DATA SHOWN section start

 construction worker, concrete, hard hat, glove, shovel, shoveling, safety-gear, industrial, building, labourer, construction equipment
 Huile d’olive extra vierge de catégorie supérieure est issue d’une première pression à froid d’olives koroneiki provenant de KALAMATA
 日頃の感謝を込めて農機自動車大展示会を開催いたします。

DATA SHOWN section end
DATA SHOWN section start

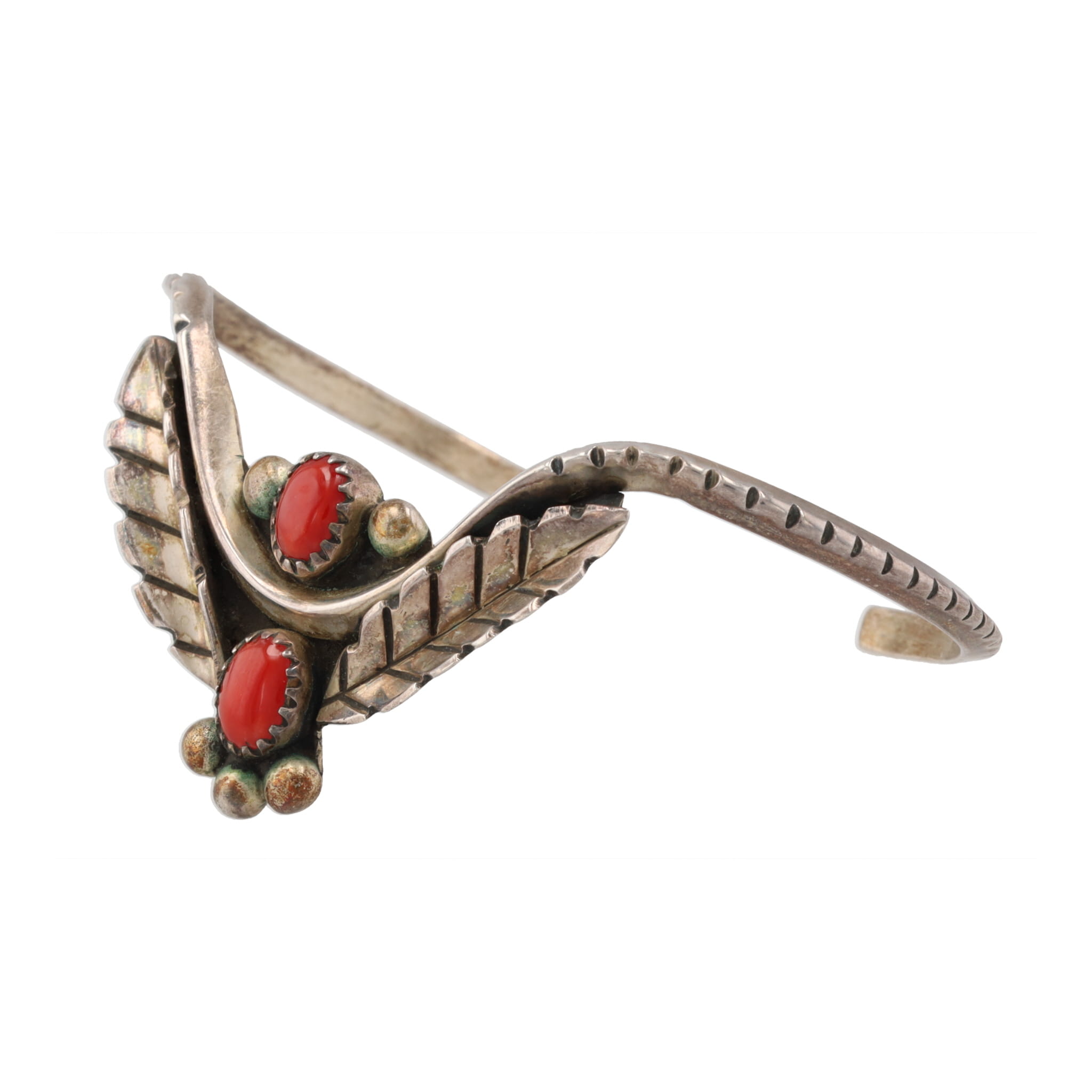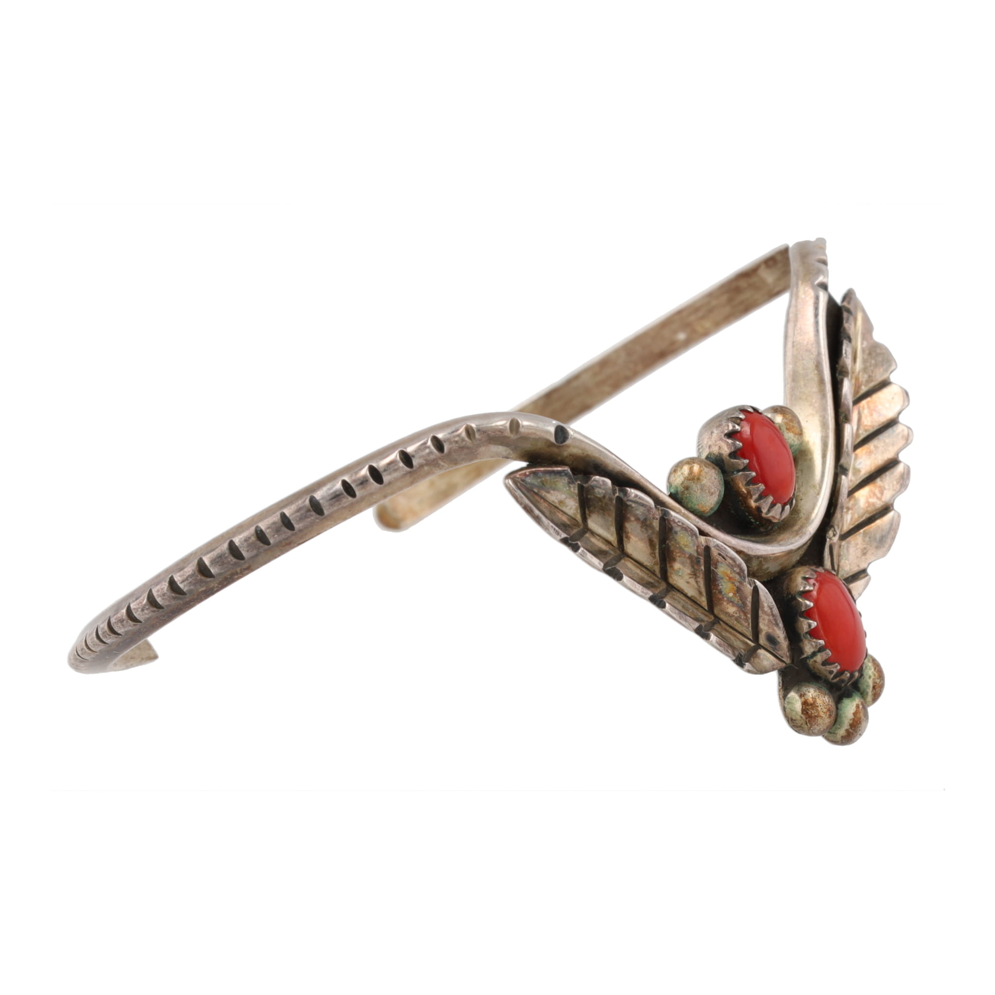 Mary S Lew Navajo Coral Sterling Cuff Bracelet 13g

DATA SHOWN section end

■ EXERCISE GOAL
All that is wanted is an exact copy of the lines above from the one with "Huile d’olive extra" through the one with "日頃の感謝を込めて農機自動車大展示会を開催いたします。", with both ends included.

■ RESPONSE FOR THIS EXERCISE
 Huile d’olive extra vierge de catégorie supérieure est issue d’une première pression à froid d’olives koroneiki provenant de KALAMATA
 日頃の感謝を込めて農機自動車大展示会を開催いたします。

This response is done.